### Aim of the task
Repeat the listing that follows, character for character, minus the pictures.

___ Information supplied ___

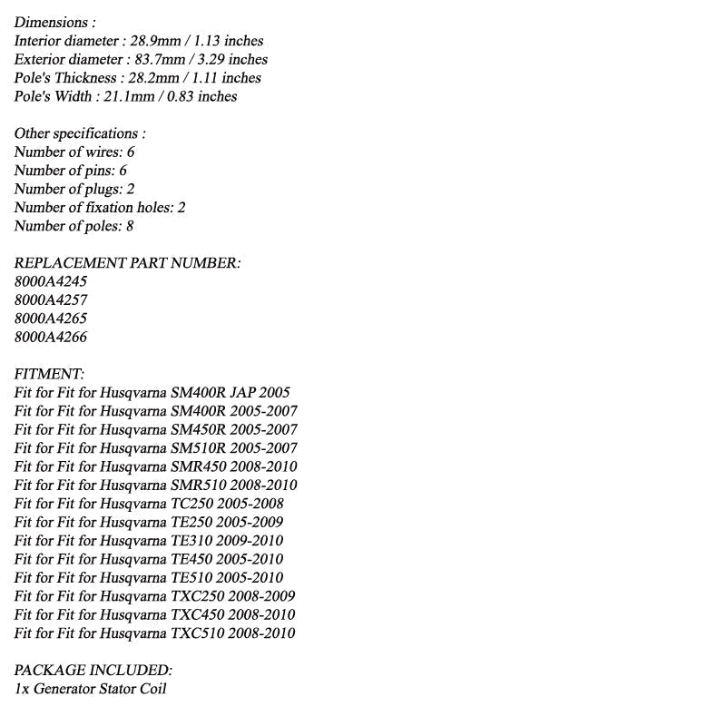 HUSQVARNA TC TE SMR TXC 250 450 510 8000A4265 汎用ステーター ジェネレーター オルタネーター
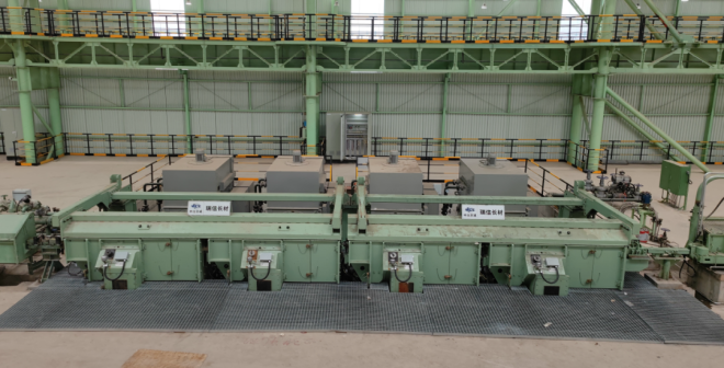 其中,80萬噸高速棒材生產線采用了中冶京誠榮獲冶金科學技術一等獎的新一代高棒核心技術“柔性化高速棒材關鍵技術與裝備”。單一孔型柔性軋制的實現,有效提升了產線的作業率。核心設備高速上鋼系統最大速度可以穩定達到45m/s,控制精度高,壽命長,代表了目前高速上鋼設備的最高水平。高速線材生產線更是采用了由中冶京誠設計研發的國產首臺(套)減定徑模塊化機組,成功填補了國產高速精密軋制的空白。
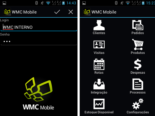 Após estas configurações mínimas, o usuário do WMC Mobile poderá abrir o sistema no Android:
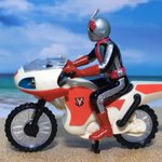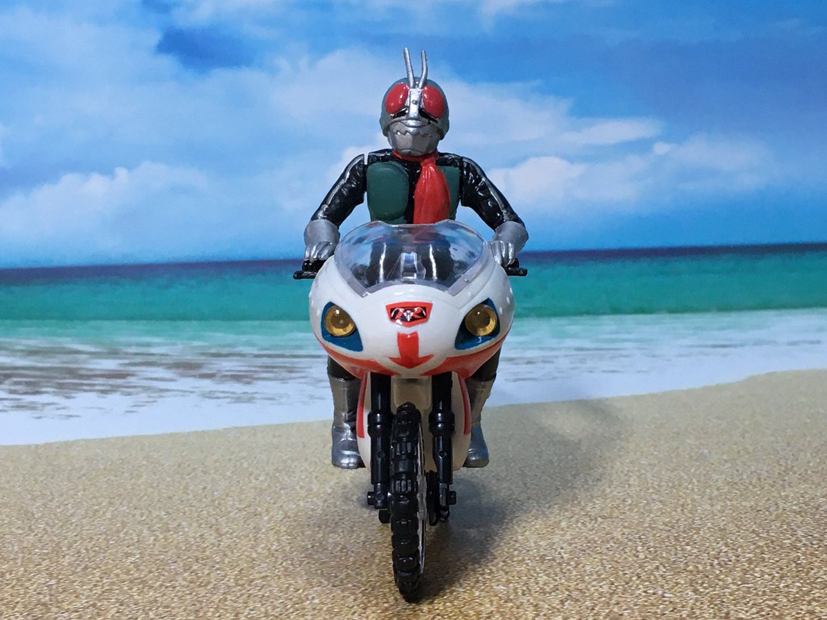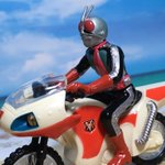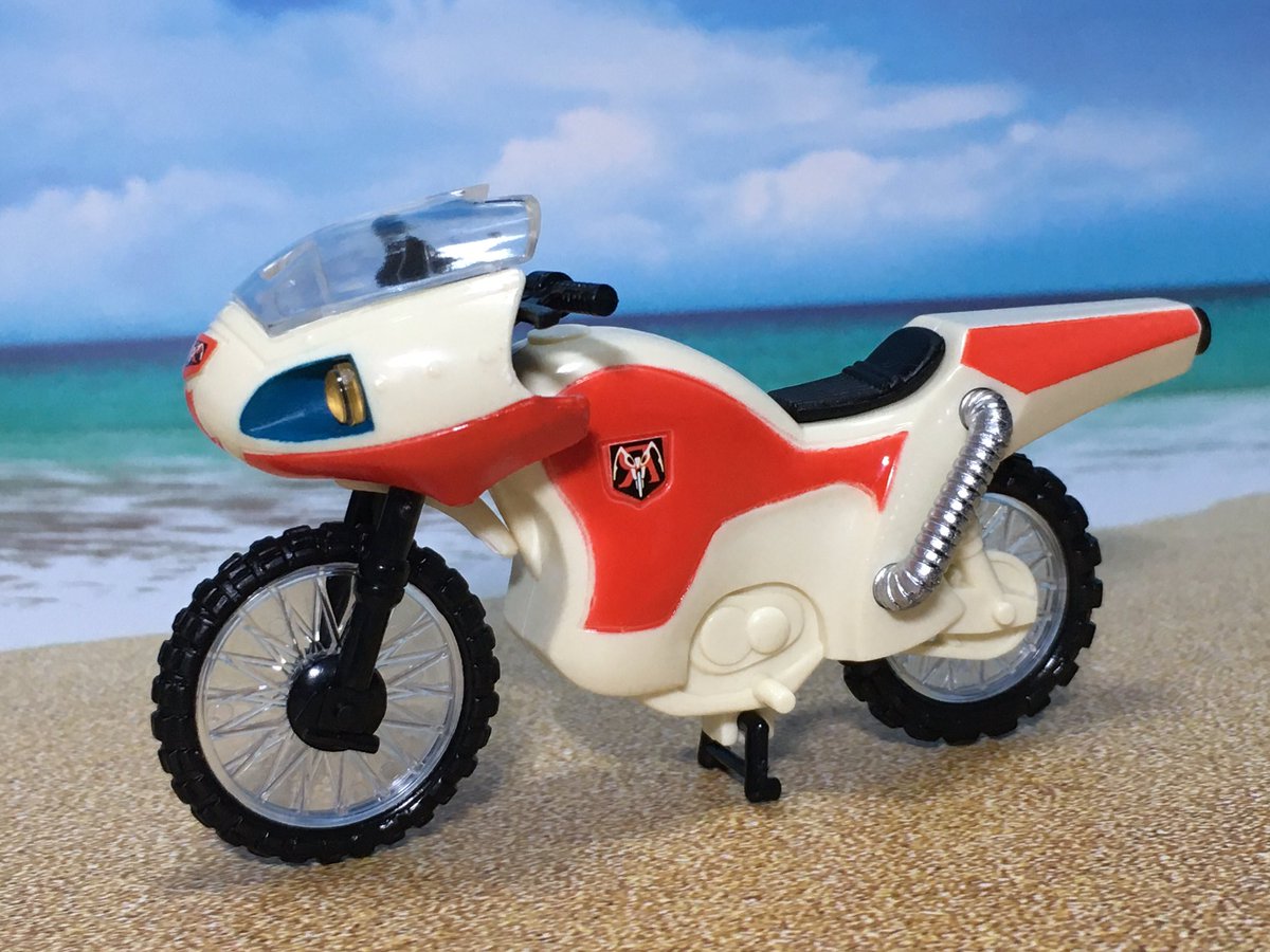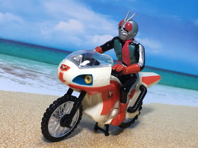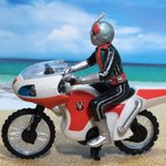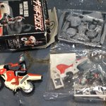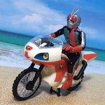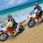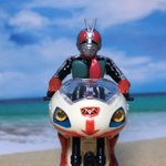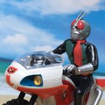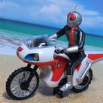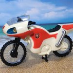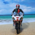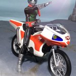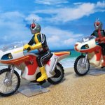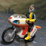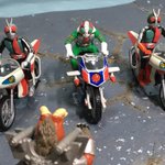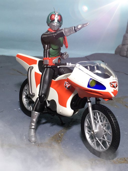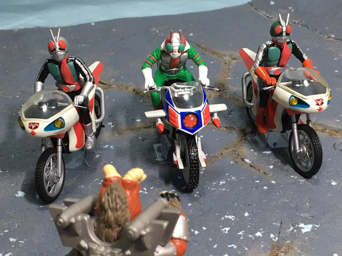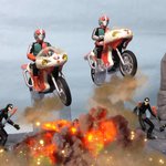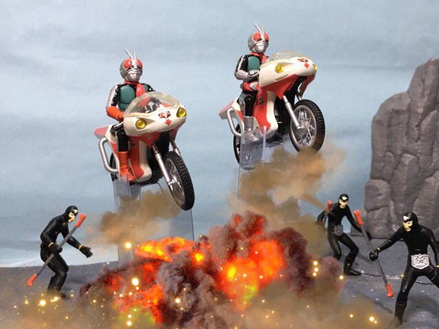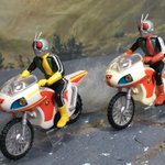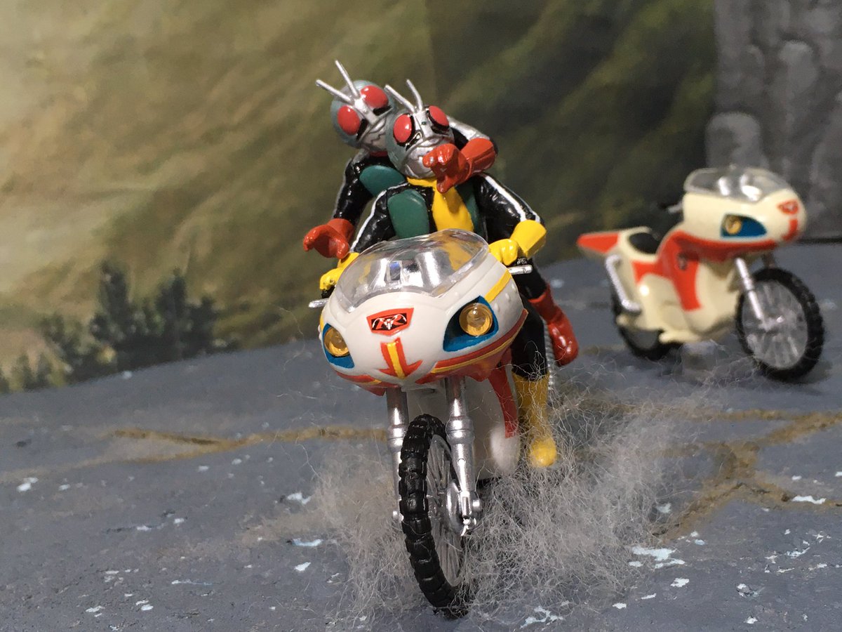 #夜のフィギュア撮影会 お題『斬』 風を斬って走るサイクロン号・・と思いきや、ニセ仮面ライダー!?2号が飛び乗って偽サイクロン号を破壊! #ショッカーライダー #仮面ライダー #仮面ライダー2号 #サイクロン号 #新サイクロン号 #ザ・ライダーマシン #オモ写

___

### Written reply
 HUSQVARNA TC TE SMR TXC 250 450 510 8000A4265 汎用ステーター ジェネレーター オルタネーター
 其中,80萬噸高速棒材生產線采用了中冶京誠榮獲冶金科學技術一等獎的新一代高棒核心技術“柔性化高速棒材關鍵技術與裝備”。單一孔型柔性軋制的實現,有效提升了產線的作業率。核心設備高速上鋼系統最大速度可以穩定達到45m/s,控制精度高,壽命長,代表了目前高速上鋼設備的最高水平。高速線材生產線更是采用了由中冶京誠設計研發的國產首臺(套)減定徑模塊化機組,成功填補了國產高速精密軋制的空白。
 Após estas configurações mínimas, o usuário do WMC Mobile poderá abrir o sistema no Android:
 #夜のフィギュア撮影会 お題『斬』 風を斬って走るサイクロン号・・と思いきや、ニセ仮面ライダー!?2号が飛び乗って偽サイクロン号を破壊! #ショッカーライダー #仮面ライダー #仮面ライダー2号 #サイクロン号 #新サイクロン号 #ザ・ライダーマシン #オモ写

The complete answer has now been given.